И снова шел, лавируя среди кустов. По всем расчетам Журчалка или ее приток должны были возникнуть на пути, но река не появлялась – кругом кусты, неясная серость лесов да синее беззвездное небо. В конце концов, решил уйти от ручья. Если пронесет мимо озер, то вынесет к Озерному шоссе. Выбрался на опушку леса и обрадовался решению – можно вести, а не нести велосипед. Поначалу шагал бодро, но внутренних ресурсов надолго не хватило. Тогда-то и стал тревожить неприкосновенный походный запас в рюкзаке, но какой ужин без воды в неведомом месте?

Из всех возможных зол лучше выбрать наименьшее – достал компас и проверил себя. Лес тянулся в нужном направлении, но опушка скоро отклонилась в сторону, открыв широкое поле, и это непредвиденное изменение вызвало новую смуту. Кругом ни огонька, ни звездочки, лишь на той стороне поля безмолвно чернел другой лес. Забытые часы на тумбочке в общежитии оттикивали время за полночь, а их хозяин, не зная времени и координат, не находил нужных решений.
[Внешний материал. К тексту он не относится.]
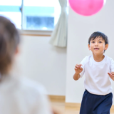 一緒に手を持ちながら後ろから前へ回す練習を行い、
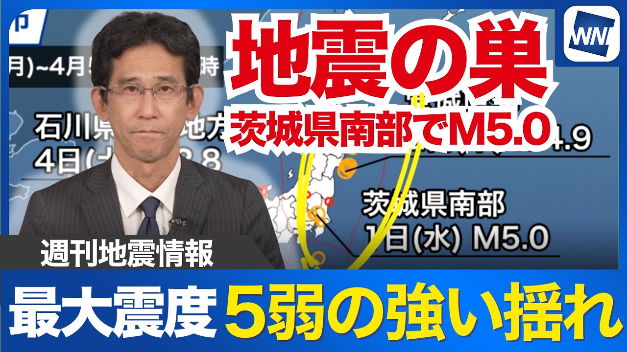 【週刊地震情報】「地震の巣」茨城県南部でM5.0 最大震度5弱の強い揺れ

Стрелка компаса упрямо указывала на чернеющий лес. Идти туда не хотелось. Поле пересекал медленно, еле волоча ноги.

Новый лес показался каким-то странным – деревья стояли редко, кустарника мало, в таком лесу и ручья не отыскать, но, углубившись немного, по неясному шуму и освежающему ветерку внезапно догадался, что вода близко. Сделал несколько торопливых шагов – деревья расступились, и в ночном сумраке открылось озеро.

6

Прислонил велосипед к сосне, сбросил рюкзак, задышал полной грудью. Пахло сеном и сосновой смолой. Внизу, у берега, тихо плескалась вода. Сесть бы, посидеть, подумать под этот плеск, но как ни хочется покоя, надо еще подвигаться и поработать.

Дров поблизости не было. Хворост и сучья давно сожгли туристы и рыбаки. У старой сосны с раздвоенными вершинами ветки до высоты, до которой можно дотянуться, были обломаны, остались сучки. По ним и полез к вершинам. Снизу казалось, до ближайших сухих веток рукой подать, а сверху расстояние показалось внушительным. Приходилось подтягиваться, руки гудели, да и ноги потеряли привычную цепкость, но главная трудность подстерегала вверху – таких умников здесь побывало десятками.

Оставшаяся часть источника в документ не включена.